A useful way of planning for increased information flows among mobile workers is via a two-dimensional grid for different/same time/place interactions, with tools like Intranet-based email, videoconferencing, and meetings. Challenges can arise in virtual organizations which allow tele-work, due to possibility of overwork, stress, and isolation among its knowledge workers.
New kinds of `knowledge toolboxes' are called for to effectively measure human capital and organisational culture elements like trust, and to actually use these measures. Stakeholder knowledge values lie at different levels: employee (self-actualisation), customer (product adoption capability), and top management (cohesiveness, motivation).
A very interesting chapter offers an example of assessing knowledge capital at the national economic level, while planning for growth and performance for the entire country.
Going beyond measures of GDP, a joint Swedish-Israeli study assessed Israel's intellectual assets in 1997 in terms of financial capital (productivity, exports), market capital (diffusion of new products, participation in international events, openness to different cultures, language skills), process capital (computerization and communications infrastructure, Internet usage, newspaper circulation, student-teacher ratio, innovation, top management international experience, entrepreneurship, VC funds, immigration), human capital (equal employment opportunities, percentage of book distribution, health rates), and renewal and development capital (civilian R&D expenditures, scientific publications, patents, startups).
Another chapter extends such valuation considerations to public-private partnerships, involving academia, industry and government, which are becoming increasingly necessary as no organization or country can on its own generate all the knowledge it may need.
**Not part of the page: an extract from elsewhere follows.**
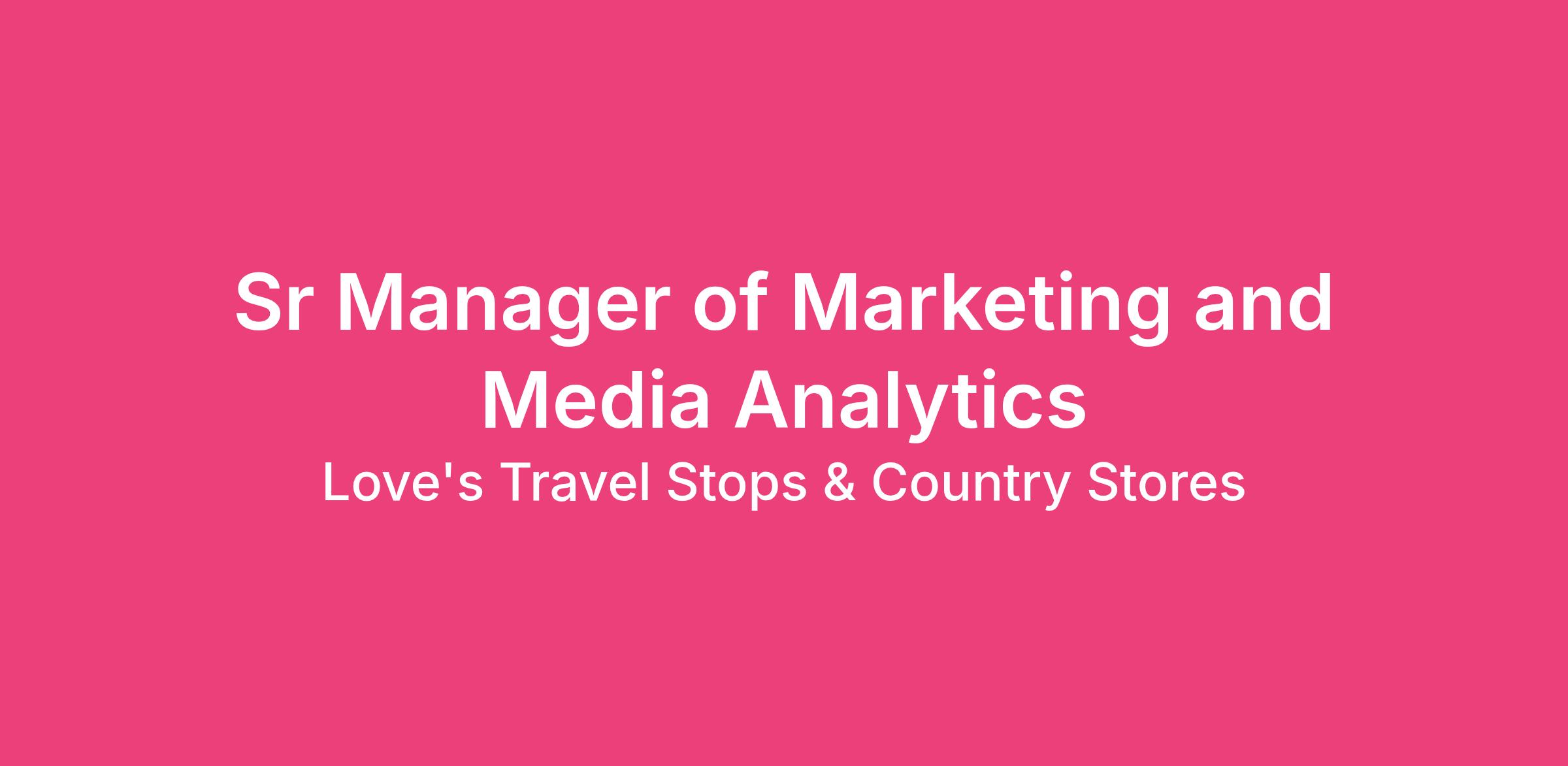 Welcome to Love's: The Sr Manager of Marketing & Media Analytics is responsible for overall marketing analytics and measurement strategy across the enterprise. This leader will build and scale the team (hiring, developing talent, establishing practices) while delivering immediate value through improved measurement, attribution, and insights.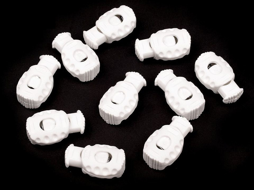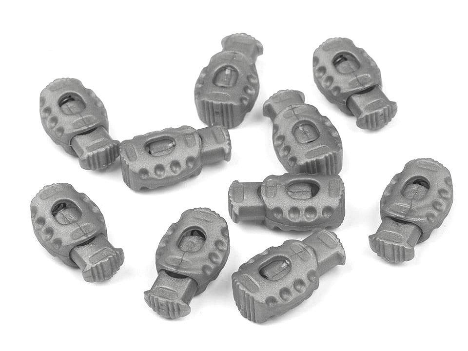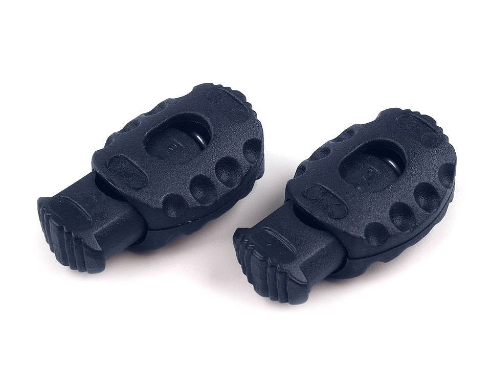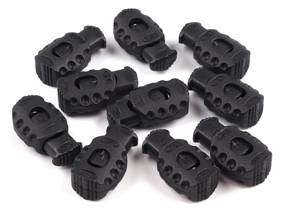 Brzda se používá jako součást oděvů a bund pro efektní ukončení šňůrek. Uvnitř brzdičky je strunka která zajišťuje pevnější uchycení. Rozměr brzdy 20 x 30 mm, průvlekové dírky 6 x 8 mm.

Priorities, timelines, domains and financial expectations for each sector vary, and these in turn influence the nature of knowledge assets generated by a country and their monetary attachments, eg. financing of new research for the industry or for citizens at large.
At the KM tool level, researchers and entrepreneurs are racing to create the next generation of effective KM applications and infrastructure, including communication, storage, gathering, dissemination, and synthesis. Ernst&Young predicts that KM has the potential to exceed ERP as an application opportunity.
CKOs play a key role in organizations, in managing corporate knowledge capital and championing knowledge-centric cultures; they require a blend of technical, human and financial skills.
In sum, this is a comprehensive collection of case studies and analysis at the cutting edge of KM practice. The diverse range of material makes for an interesting and informative for advanced KM professionals.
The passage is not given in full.